Claude fue despertado por Myjack justo después de quedarse dormido. Había estado quemando el aceite de medianoche en los últimos días debido a los ataques nocturnos y solo logró dormir un poco durante el día. Los nobles canasianos solo atacaron durante la noche, salvo por algunas veces que intentaron durante el día. Todos eran muy conscientes de que atacar a plena luz del día solo haría que derribaran a sus hombres. Pero después de encontrar las trampas que les esperaban, también dejaron de esforzarse tanto durante la noche.
La razón por la que Myjack despertó a Claude fue la retirada de los nobles canasianos. Podía verlos viajar de regreso por donde vinieron desde su ventana. Usando su telescopio, vio a los granjeros y pastores arrastrarse con pasos pesados y lentos.
Los soldados en el campo vitorearon ruidosamente. La visión de los enemigos en retirada fue realmente motivadora. A pesar de los números abrumadores, lograron detener al enemigo en el turno y no perdieron ni un solo hombre.
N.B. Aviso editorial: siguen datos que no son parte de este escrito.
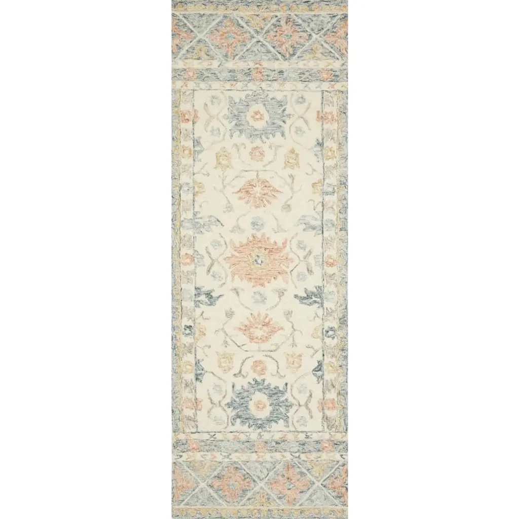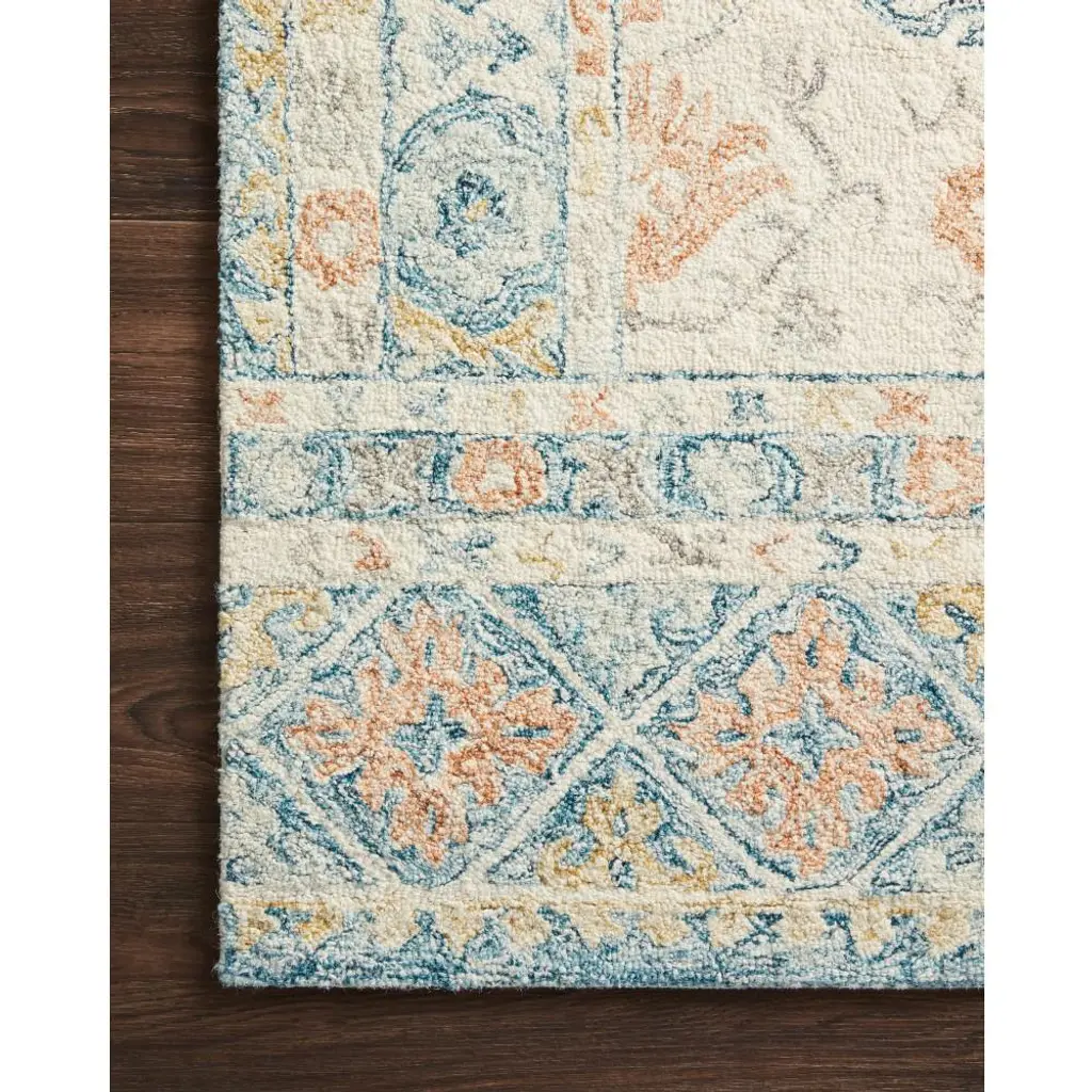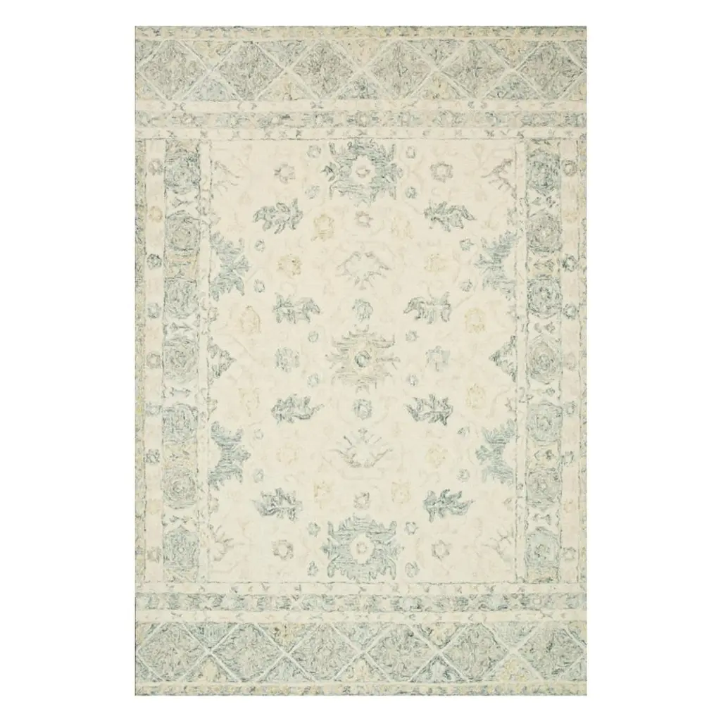 Jareth French Country Ivory Blue Wool Patterned Rug - 8'6"x12'
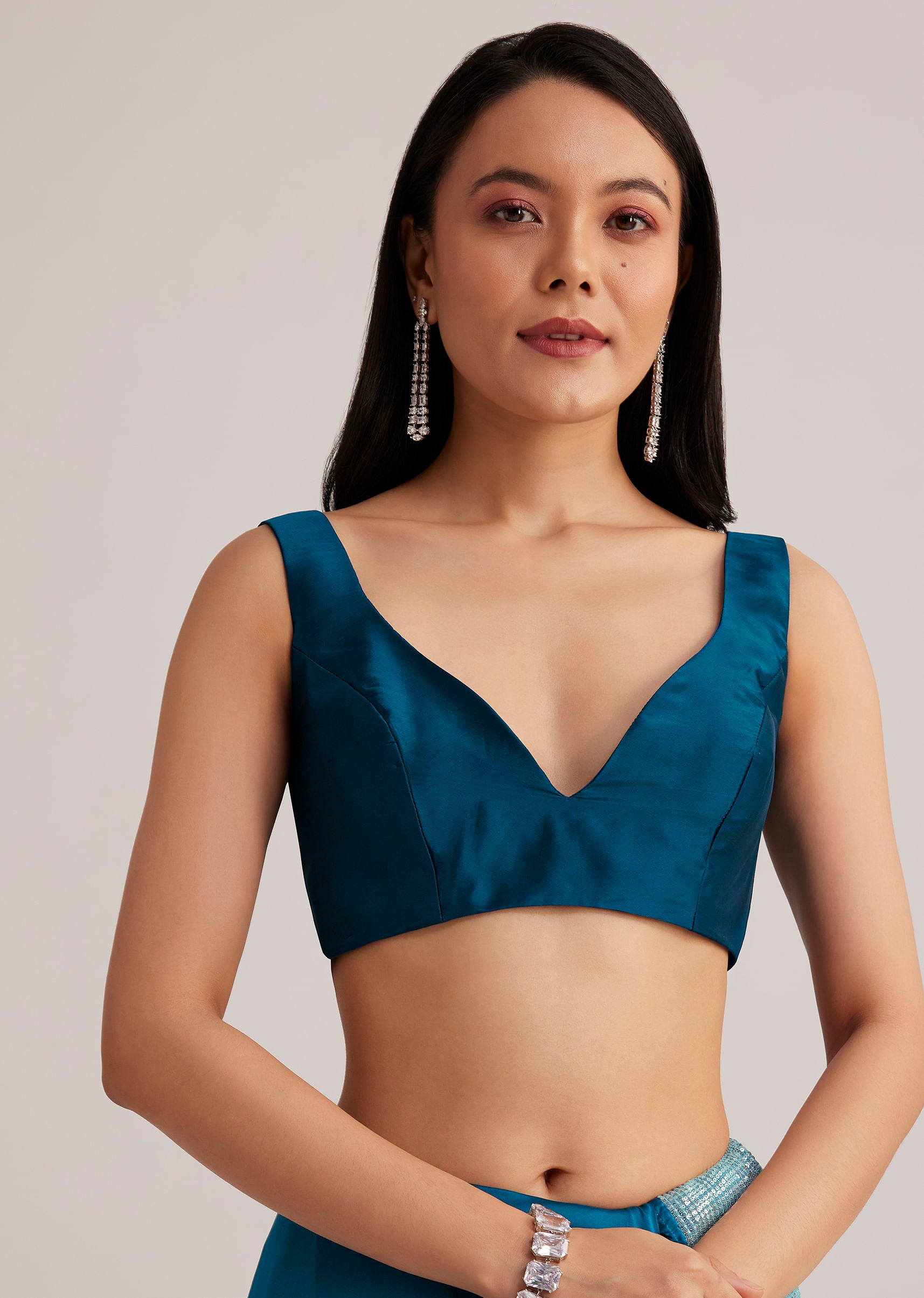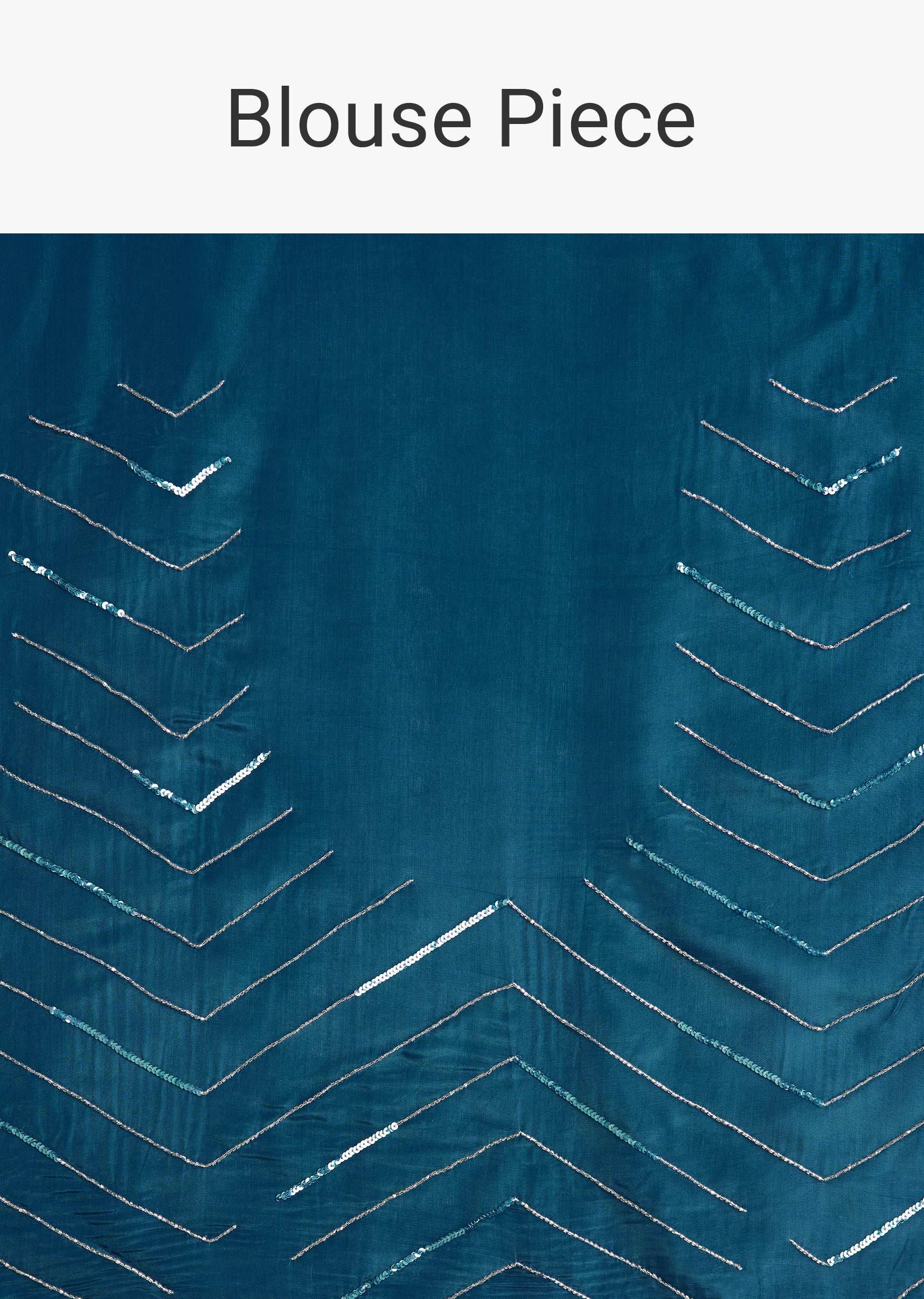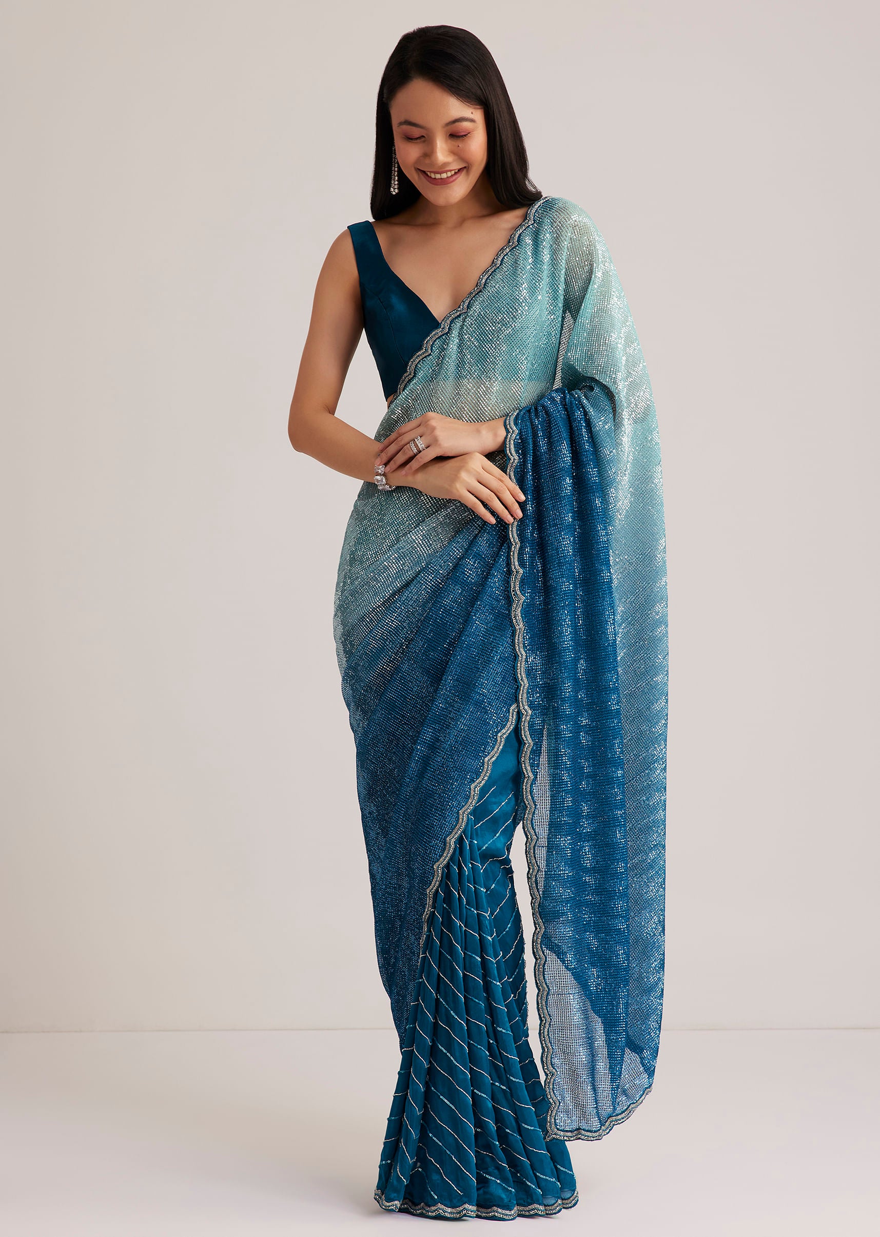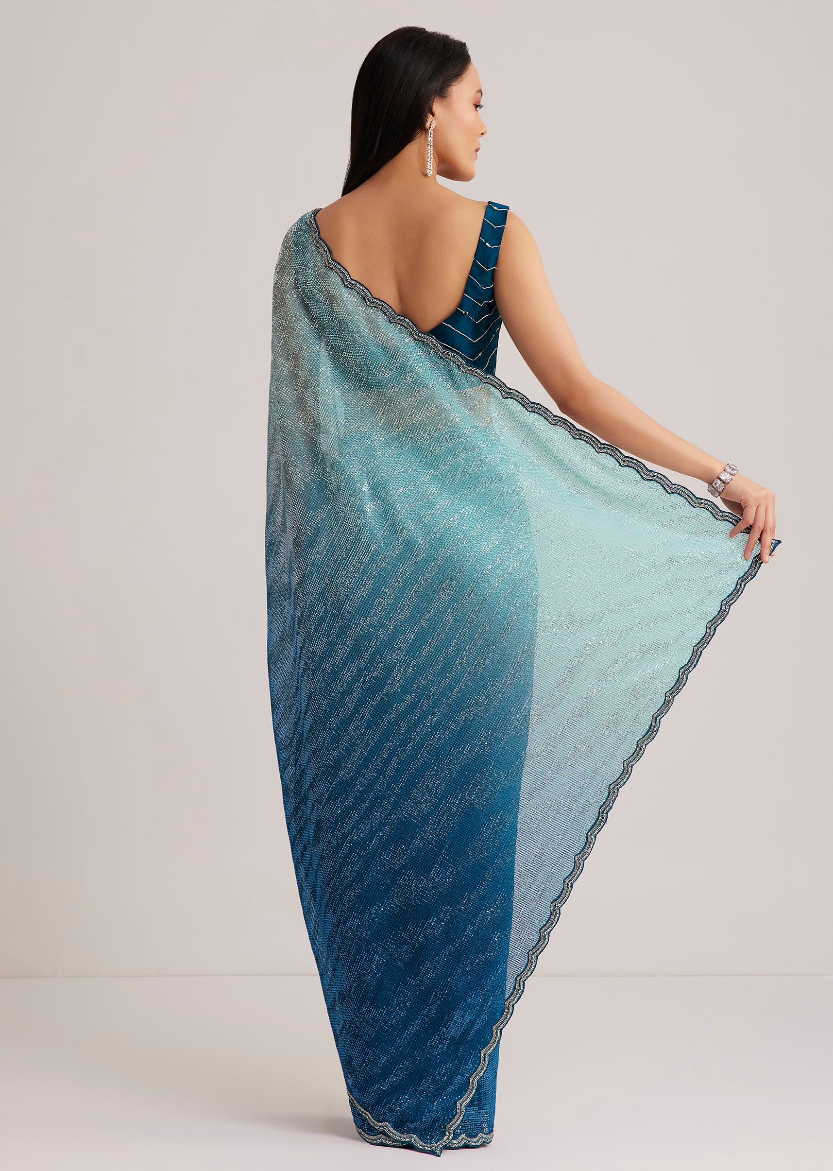 Exude refined elegance with this blue ombre half-and-half saree, crafted in delicate net and crepe fabric. Adorned with shimmering sequins and a cascading ombre effect, this saree effortlessly blends traditional charm with contemporary style. Perfect for cocktail parties and evening gatherings, it’s designed to make a bold yet graceful statement. Awarded as the Most Trusted Brand, we're delivering styles you love, just as promised.

Después de recibir el informe de Dyavid, Claude no estaba demasiado sorprendido. Tal vez los nobles askilinianos recibieron la noticia del retiro y se detuvieron para reconsiderar sus opciones. Si Claude tenía suerte, la otra compañía elegiría retirarse también. Él habría defendido con éxito Squirrel Village si ese fuera el caso.
Pero al día siguiente, Dyavid envió otra correspondencia urgente a Claude que sorprendió a todos. Los nobles canasianos no se habían retirado. En cambio, se dirigieron al sendero de montaña por el que transitaron los nobles askilinianos. Sus ejércitos ya se habían reunido.